The mind-bending band that gave us what is largely considered the decade’s most viewed music video (even the Simpsons parodied it), the treadmill-manned “Here It Goes Again” is back. Never content to rest on their laurels, OK Go is preparing to tread anything but familiar territory with their upcoming new album, Of The Blue Colour Of The Sky releasing on January 12, 2010 on Capitol Records.

The 13-track opus is the long-awaited follow-up to their acclaimed Oh No, which spawned the 2007 Grammy-award-winning video hit “Here It Goes Again” (setting numerous viewing records as it helped transform the then-fledgling YouTube into a household name).” Of the Blue Colour of the Sky is currently primed to kick off 2010 as one of the new year’s most buzzed-about releases. According to lead singer, Damian Kulash, the new album springs from a different departure point than previous OK Go releases. “It’s not so much that we headed in a new direction. I think we’ve just expended the guitar-rock ideas from our teens and we’re starting to get at more root-level influences. There’s a lot of Purple Rain on this record – an album I haven’t stopped listening to since I got it when I was eleven.”

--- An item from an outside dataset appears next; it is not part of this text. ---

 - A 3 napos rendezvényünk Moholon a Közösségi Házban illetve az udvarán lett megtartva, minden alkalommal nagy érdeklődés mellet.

Kulash added that record’s title comes from an 1876 book promoting the erroneous theory that blue light cures all ills. As fits a record influenced by Prince and crackpot 19th century arm-chair scientists, the record is both danceable and contemplative; it’s introspective, with a vein of surrealism running through it. There’s a song that considers the earth before it was round, one sung by a man who’s traded places with his reflection, and plenty of heartbreak and (attempts at) hope, mostly hung on a groovier backbone than we’ve heard from OK Go before. “We started these songs with a groove,” Damian says. “They started as base feelings, not chord progressions or lyrical ideas, and then we layered.” After 2005’s Oh No, recorded nearly live with minimal overdubs, and their swaggering 2008 EP You’re not Alone, backed by the trombone band Bonerama (a benefit for musicians displaced by hurricane Katrina), this new sound comes as something of a departure.

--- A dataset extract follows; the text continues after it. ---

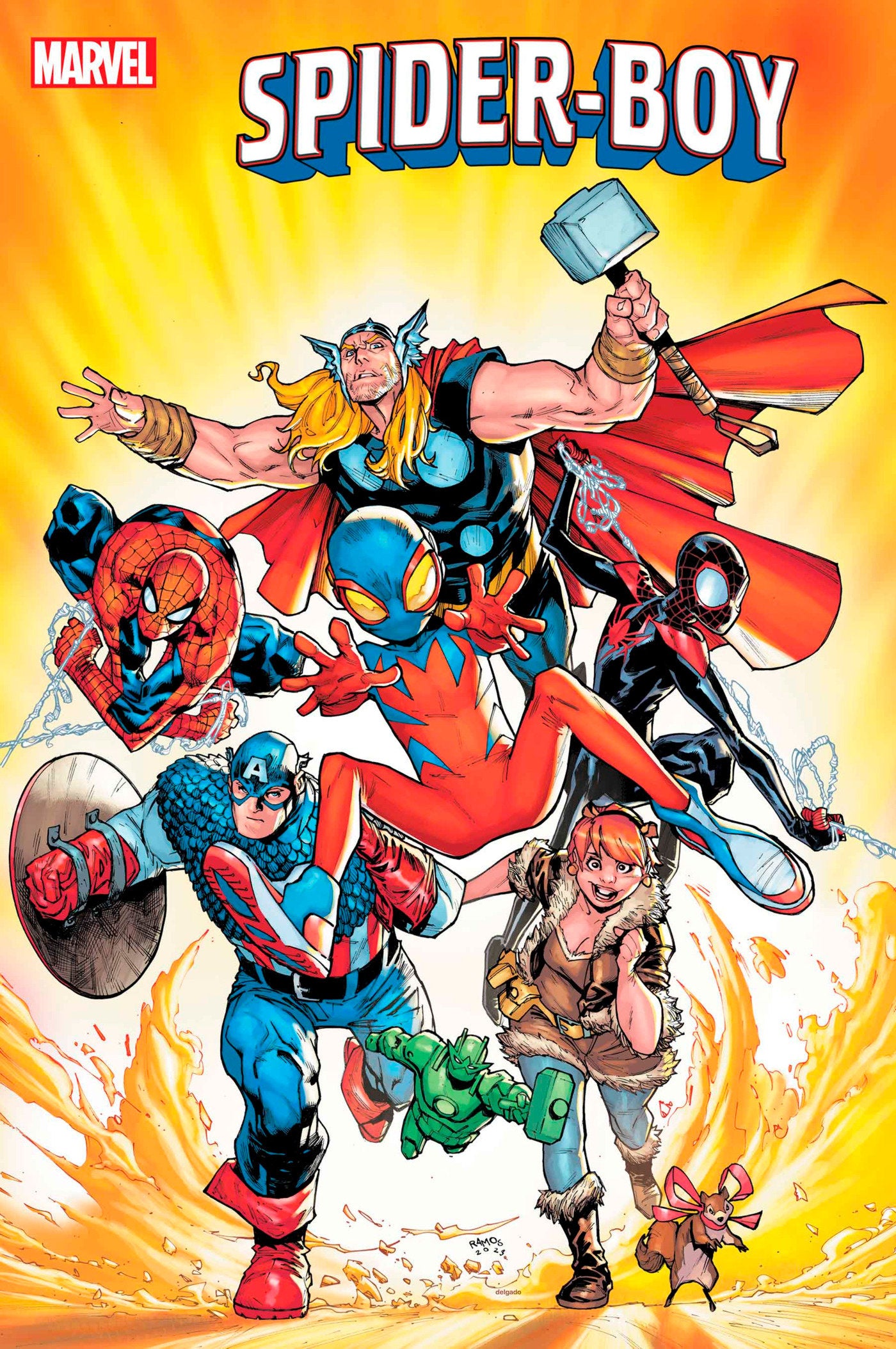 It's the slam-bam conclusion to Spider-Boy's first big multi-part adventure! And all of his amazing friends are showing up to help! Guest-starring: CAPTAIN AMERICA, THOR, SQUIRREL GIRL, THE TOY SOLDIER, MILES MORALES: SPIDER-MAN, and PETER PARKER: SPIDER-MAN! And featuring a major turning point in the life of Bailey Briggs! His life (and this comic) will never be the same again! You do NOT want to miss this one, Spidey-B fans!

Funk-edged songs such as “Skyscrapers,” “All Is Lost,” “White Knuckles,” and the Prince-inspired, odd-time-signature hip shaker “WTF?” embody the album’s heady flow of adventurous undercurrents. “This album is the most layered production we’ve ever done,” says Damian. Produced by ex-Mercury Rev member David Fridmann (Flaming Lips, MGMT), Damian acknowledges that Fridmann’s singular production style and secluded studio environment in Fredonia, NY (‘you have to drive fifteen minutes for a cup of coffee’ he notes) added to the CDs emotive heft. “We were there to work, and for weeks on end it snowed and we just lived in the bubble with our songs.” Amazingly, the band’s original pool of song ideas numbered more than a hundred, with the group eventually narrowing the choices down to manageable double digits.

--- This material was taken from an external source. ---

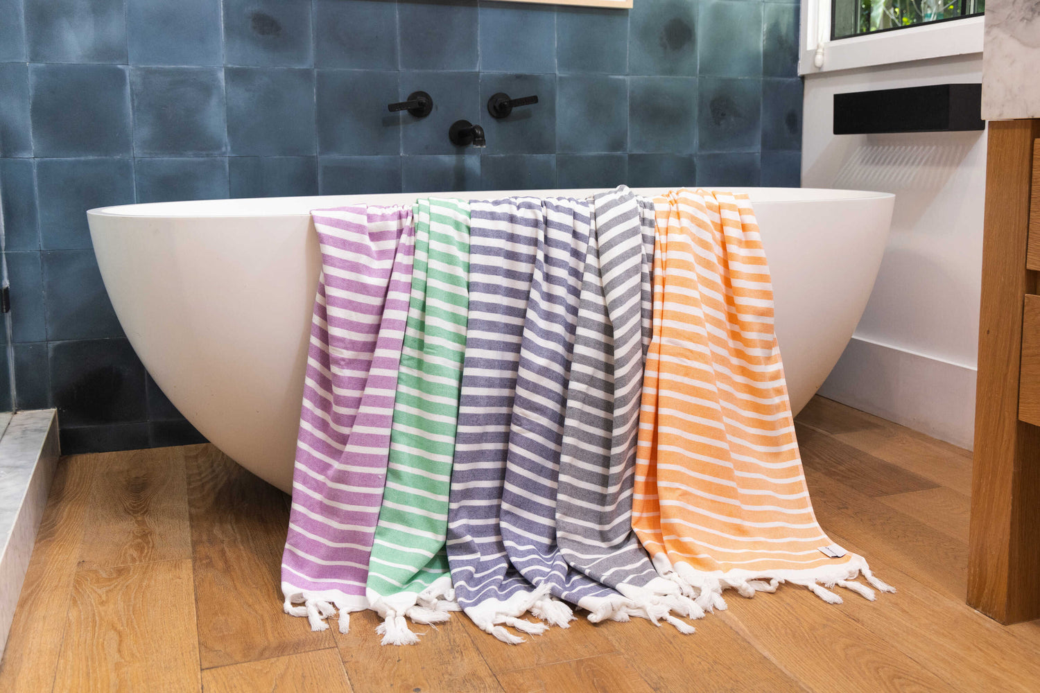 Bask Striped Organic Turkish Towel with Soft Terry Cloth Back in Black

Kulash has also kept himself busy with an assortment of activist endeavors – he testified in support of internet neutrality before a Congressional Special Task Force. He and bandmate, Andy Ross, met with leaders on Capitol Hill in the spring of 2008 to advocate for the same. The band also met with then-candidate, Barack Obama, about the specter of access-limiting online practices, and other issues, with the group eventually appearing in ads in support of Obama. OK Go also took time from their non-stop touring regimen (31 consecutive months over five continents) to raise money in support of New Orleans’ music culture in the wake of Katrina. The band’s efforts with Bonerama raised more than half of the money for soul legend Al “Carnival Time” Johnson’s new home in New Orleans.

Damian and the rest of the band look forward to full-fan reaction to Of the Blue Colour of the Sky come January. “I think it sounds more like us than anything else we’ve done,” he says. “Its more like the music that’s in the back of my head, just out of reach, that I’ve been trying to get to for so long. And it embodies contradiction in a way I feel connected to. It’s both the saddest and the most hopeful music we’ve made, and both the danciest and most thoughtful.”